VsusP

Introduction

In the context of Gaussian linear models, the package proposes a solution of the variable selection problem using Shrinkage priors. First obtain a posterior distribution of the number of significant variables by clustering the significant variables and the noise coefficients and obtaining samples from this distribution using MCMC. Then, the significant variables are estimated from the posterior median of absolute beta. This approach requires only one tuning parameters and is applicable to continuous shrinkage priors as well.

R-CMD-check Codecov test coverage

Getting Started

These instructions will install the package to your computer.

Prerequisites

In order to install the package directly from Github, you need to have the devtools package:

install.packages("devtools")

Installation

To install the package from Github, first load devtools:

library(devtools)

Next, install VsusP as follows:

devtools::install_github("nilson01/VsusP")

The package can now be loaded into R and used:

library(VsusP)

Example

To provide an example of the VsusP package, we will first simulate some data:

# install.packages("MASS") # if not yet installed
library(MASS)
set.seed(20221208)
sim.XY <- function(n, p, beta) {
  X <- matrix(rnorm(n * p), n, p)
  Y <- as.vector(X %*% beta + rnorm(n, 0, 1))
  return(list(X = X, Y = Y, beta = beta))
}

n <- 100
p <- 20
beta <- exp(rnorm(p))
data <- sim.XY(n, p, beta)

The function Sequential2Means is used get the samples of Beta and H.b.i. Beta can be calculated using different shrinkage priors and gibbs sampling technique, whereas H.b.i is the estimated number of signals corresponding to each tuning parameter b.i that is computed using S2M algorithm. If the Beta matrix is available prior, then H.b.i is recommended to be computed using Sequential2MeansBeta.

b.i <- seq(0, 1, 0.05)
S2M <- Sequential2Means(X = data$X, Y = data$Y, b.i = b.i, prior = "horseshoe+", n.samples = 5000, burnin = 2000)
Beta <- S2M$Beta
H.b.i <- S2M$H.b.i

Then, using the result from Sequential2Means or Sequential2MeansBeta, appropriate tuning parameter can be estimated using b.i Vs H.b.i plot from OptimalHbi function.

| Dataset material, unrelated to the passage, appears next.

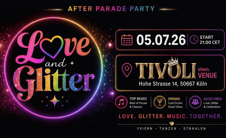 LOVE & GLITTER - Die CSD Köln Afterparty Tivoli ehem. Venue, Hohe Straße 14, 51149 Köln Tickets

OptimalHbi(bi = b.i, Hbi = H.b.i)

Finally, the indices of important subset of variables can be obtained using S2MVarSelection function. The input parameter H is the optimal H.b.i value from the selected tuning parameter in OptimalHbi function. Also, Beta is the user defined matrix or the matrix derived from Sequential2Means function.

H <- 17
impVariablesGLM <- S2MVarSelection(Beta, H)
impVariablesGLM

There are several other variants of these functions as per input cases. For example: Sequential2MeansBeta and S2MVarSelectionV1. Check the documentation for the different functions on options and details, using e.g., ?Sequential2Means.

References

R Core Team (2022). R: A language and environment for statistical computing. R Foundation for Statistical Computing, Vienna, Austria. URL https://www.R-project.org/.

Li, H., & Pati, D. (2020) “Variable Selection Using Shrinkage Priors.” Computational Statistics & Data Analysis, 107, pp.107-119. doi:10.1016/j.csda.2020.106839.